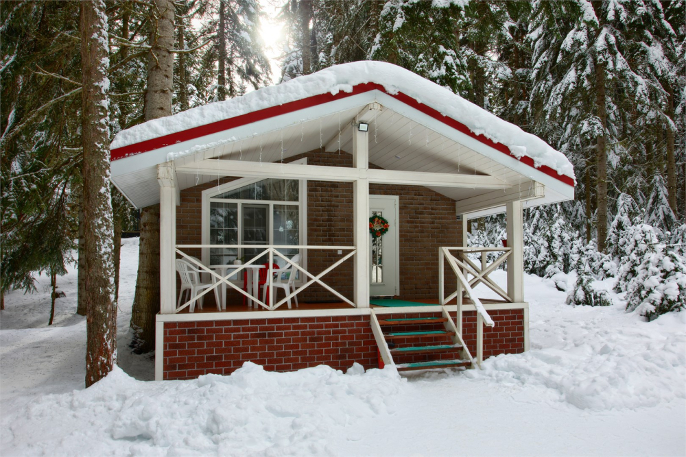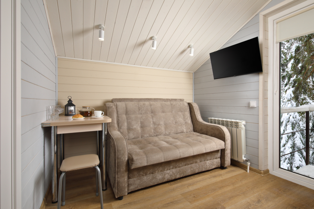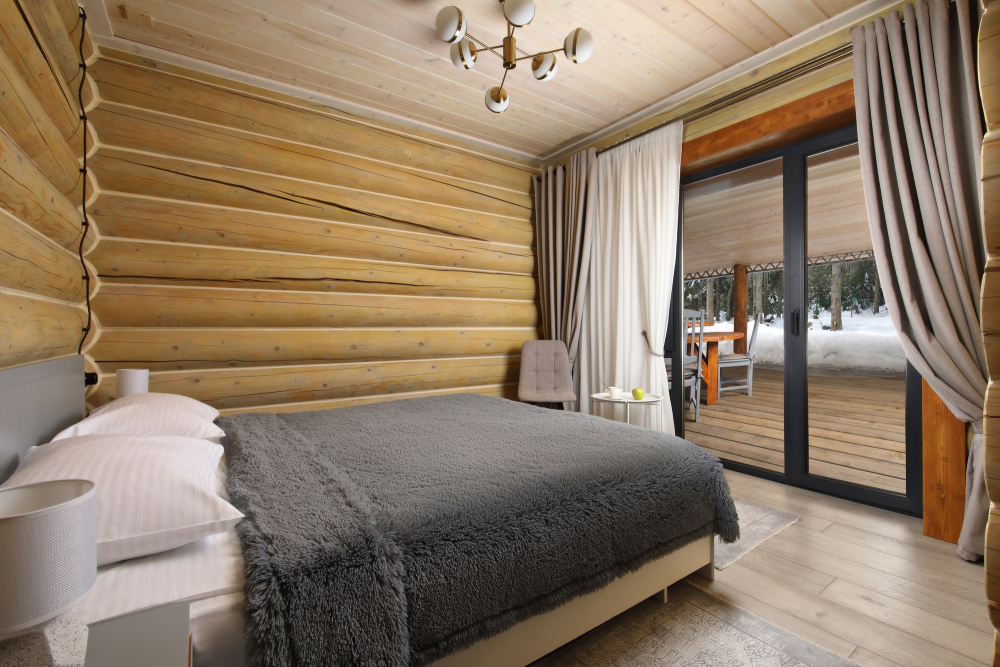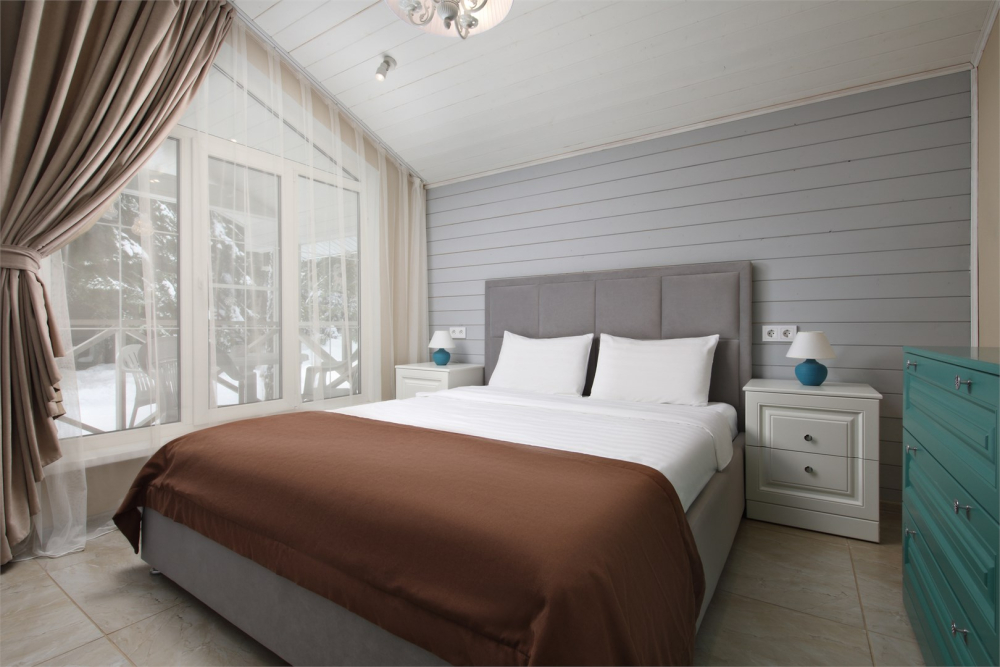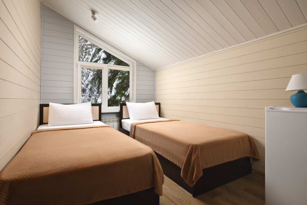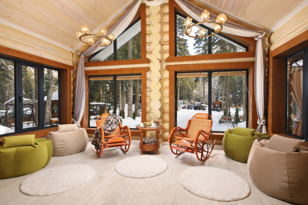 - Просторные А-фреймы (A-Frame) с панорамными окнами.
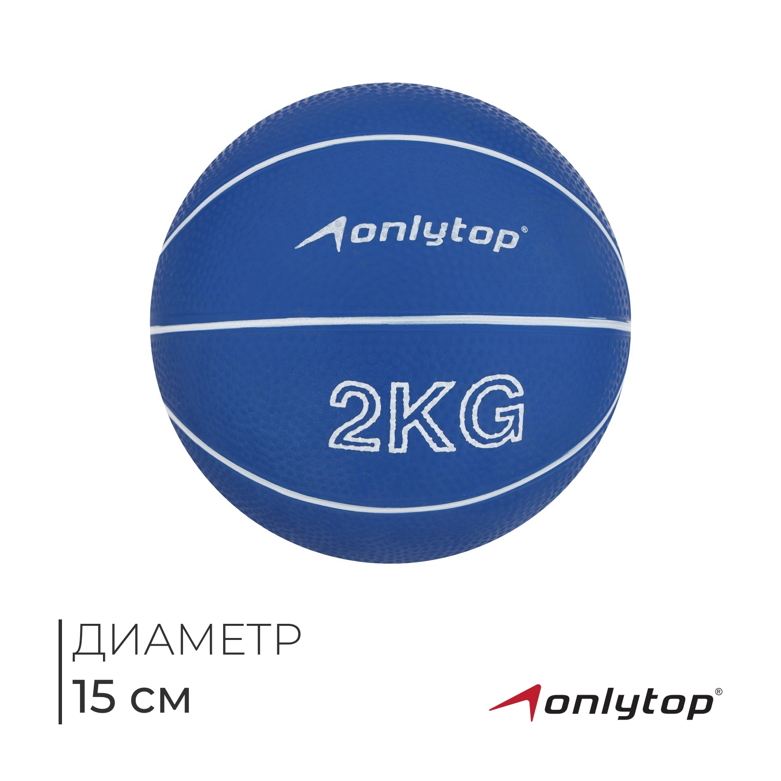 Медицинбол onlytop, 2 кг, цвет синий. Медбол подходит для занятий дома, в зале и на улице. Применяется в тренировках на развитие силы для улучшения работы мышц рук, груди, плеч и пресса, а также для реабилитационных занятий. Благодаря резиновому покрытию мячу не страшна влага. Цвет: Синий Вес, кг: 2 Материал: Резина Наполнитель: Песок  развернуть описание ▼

...

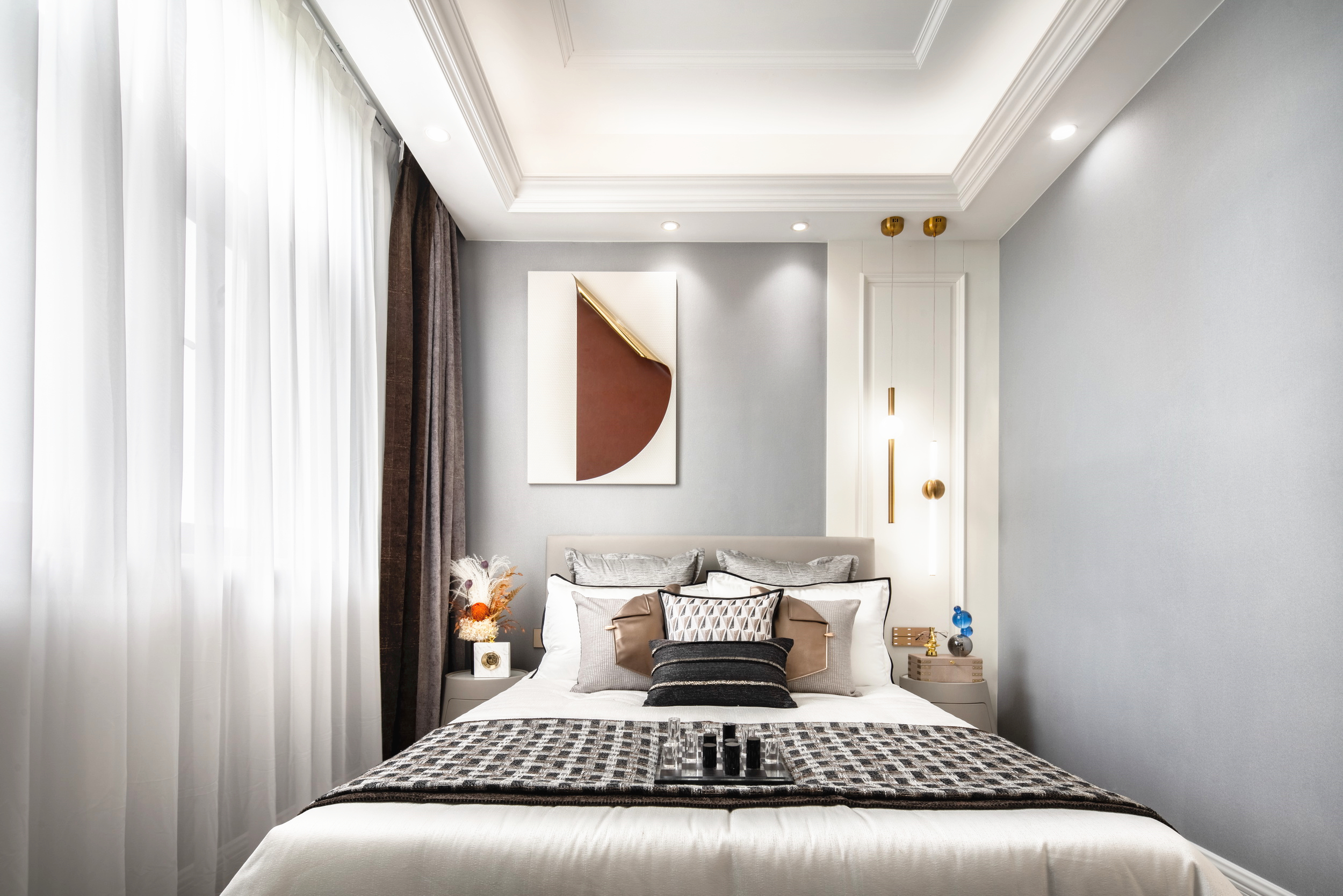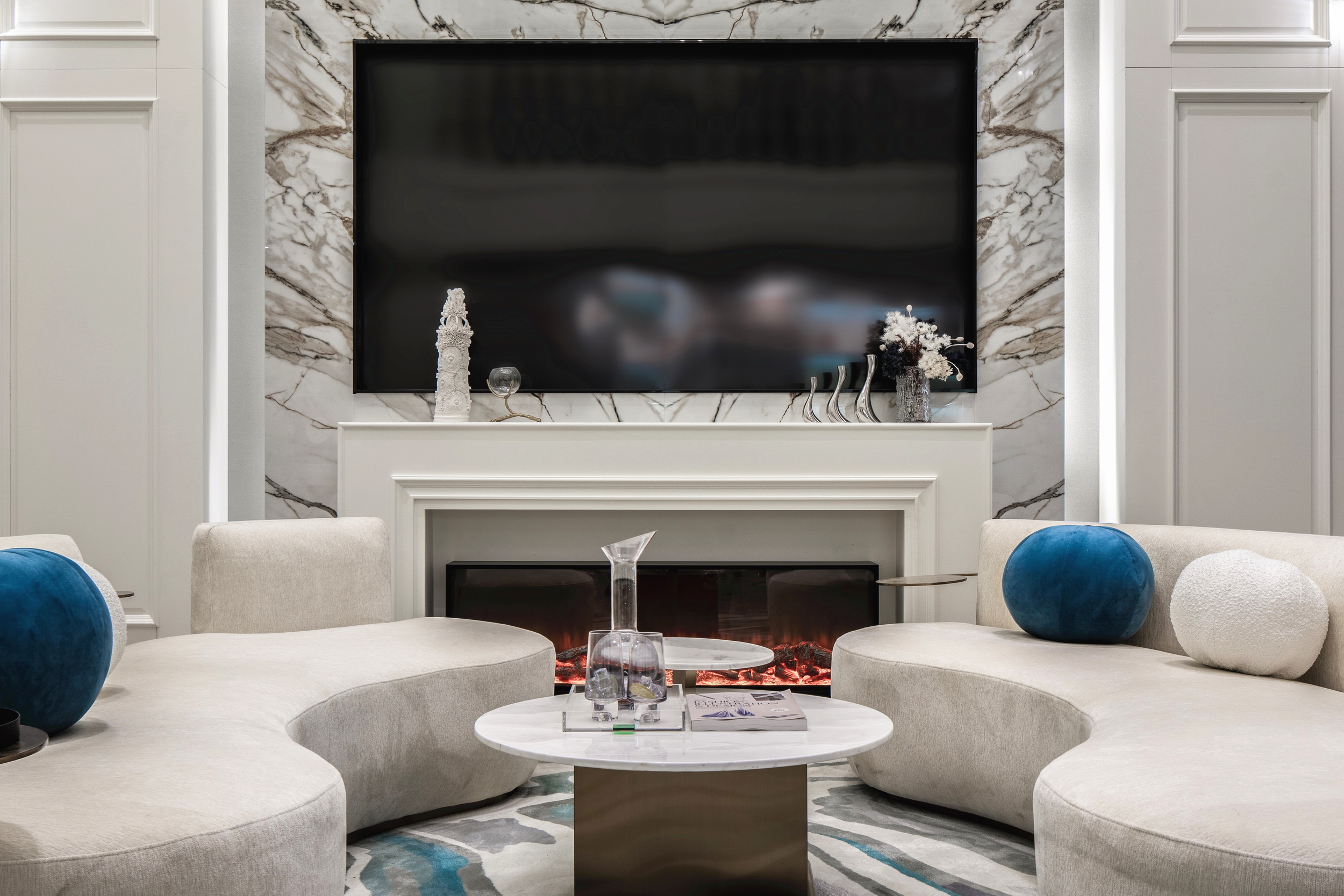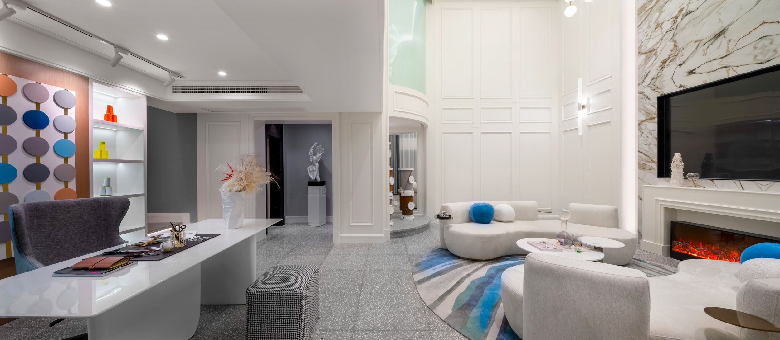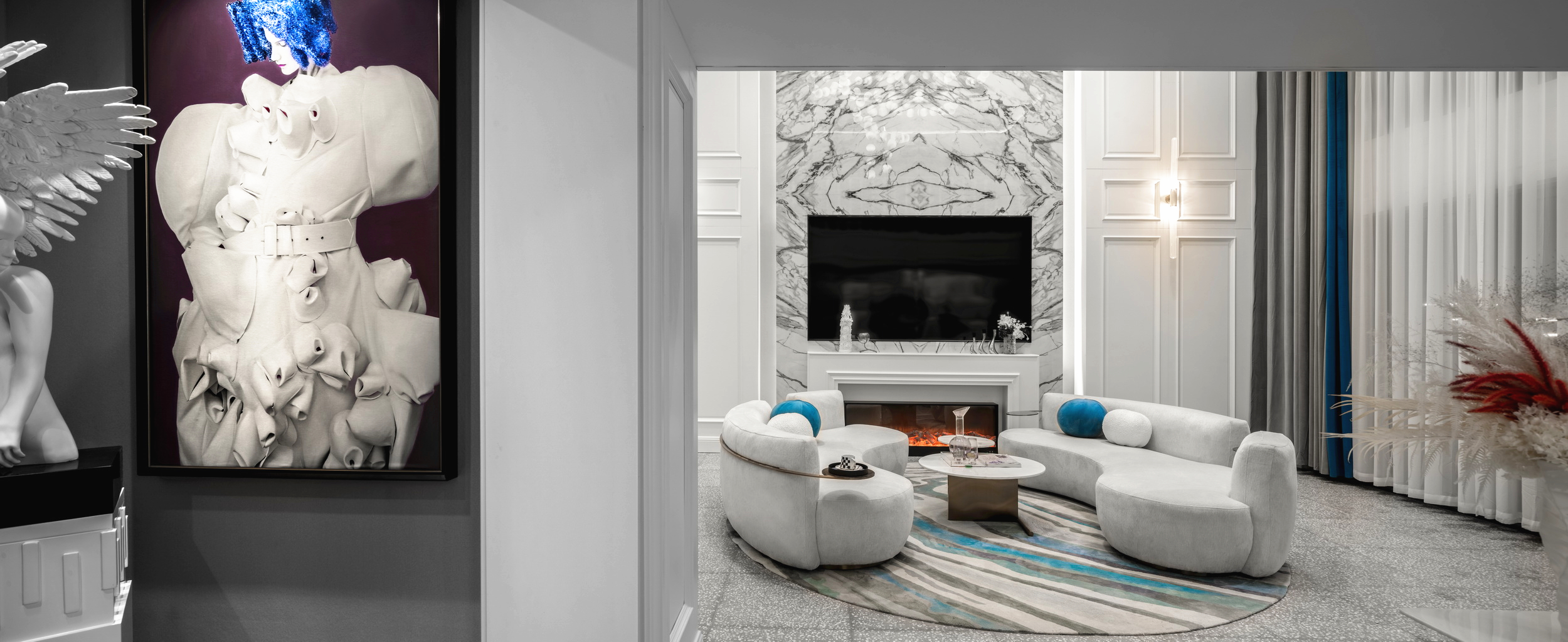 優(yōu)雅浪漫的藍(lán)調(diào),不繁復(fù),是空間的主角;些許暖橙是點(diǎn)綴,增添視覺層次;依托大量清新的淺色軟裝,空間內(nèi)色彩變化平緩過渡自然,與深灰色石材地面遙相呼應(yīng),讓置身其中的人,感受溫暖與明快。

...

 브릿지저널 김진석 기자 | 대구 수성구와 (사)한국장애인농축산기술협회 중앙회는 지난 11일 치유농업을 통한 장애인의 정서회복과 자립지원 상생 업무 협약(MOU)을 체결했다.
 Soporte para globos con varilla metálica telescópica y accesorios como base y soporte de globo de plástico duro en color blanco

> EXERCISE BRIEF:
Retype word for word everything in the listing above from the line that holds "브릿지저널 김진석 기자" down to the line that holds "Soporte para globos". Keep both end lines and leave out the rest.

> ANSWER BOX:
 브릿지저널 김진석 기자 | 대구 수성구와 (사)한국장애인농축산기술협회 중앙회는 지난 11일 치유농업을 통한 장애인의 정서회복과 자립지원 상생 업무 협약(MOU)을 체결했다.
 Soporte para globos con varilla metálica telescópica y accesorios como base y soporte de globo de plástico duro en color blanco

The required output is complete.